-------- Supplied records --------

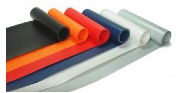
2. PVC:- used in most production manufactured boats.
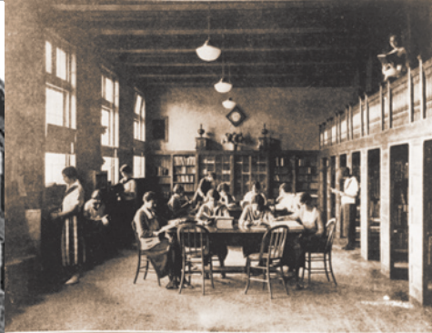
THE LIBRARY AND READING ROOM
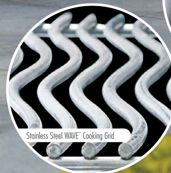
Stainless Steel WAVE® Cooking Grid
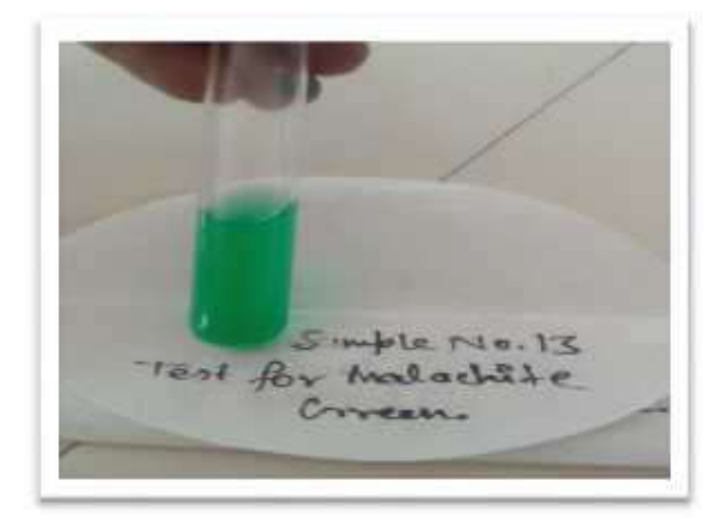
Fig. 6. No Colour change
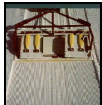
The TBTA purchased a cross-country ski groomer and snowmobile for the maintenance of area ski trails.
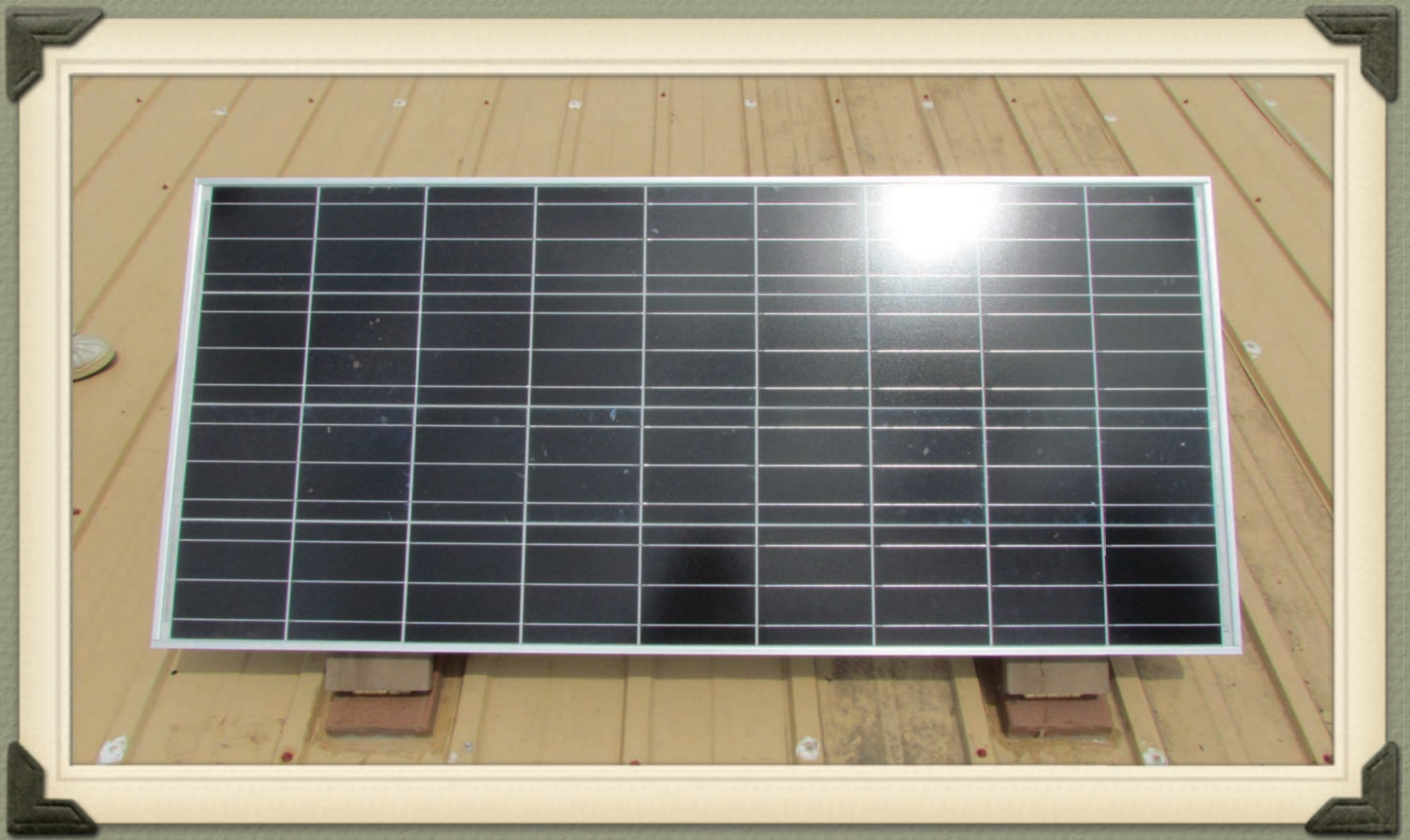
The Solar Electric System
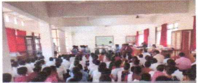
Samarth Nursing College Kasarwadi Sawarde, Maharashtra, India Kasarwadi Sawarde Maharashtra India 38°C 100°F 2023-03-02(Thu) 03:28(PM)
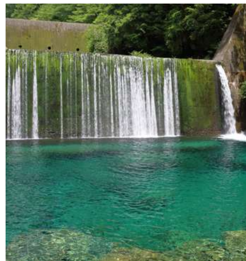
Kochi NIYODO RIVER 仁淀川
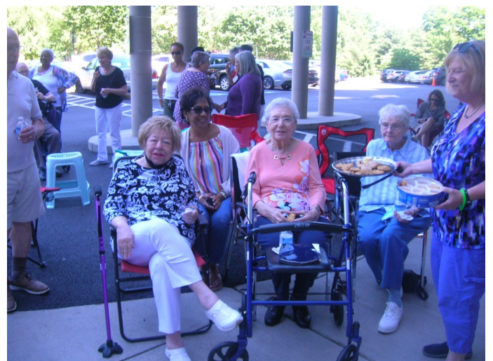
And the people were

--------

#### [Exercise goal]
Begin at the top of the records above and retype each line exactly until the line containing "The Solar Electric System", which is included. Skip all pictures.

#### [Your solution]
2. PVC:- used in most production manufactured boats.
THE LIBRARY AND READING ROOM
Stainless Steel WAVE® Cooking Grid
Fig. 6. No Colour change
The TBTA purchased a cross-country ski groomer and snowmobile for the maintenance of area ski trails.
The Solar Electric System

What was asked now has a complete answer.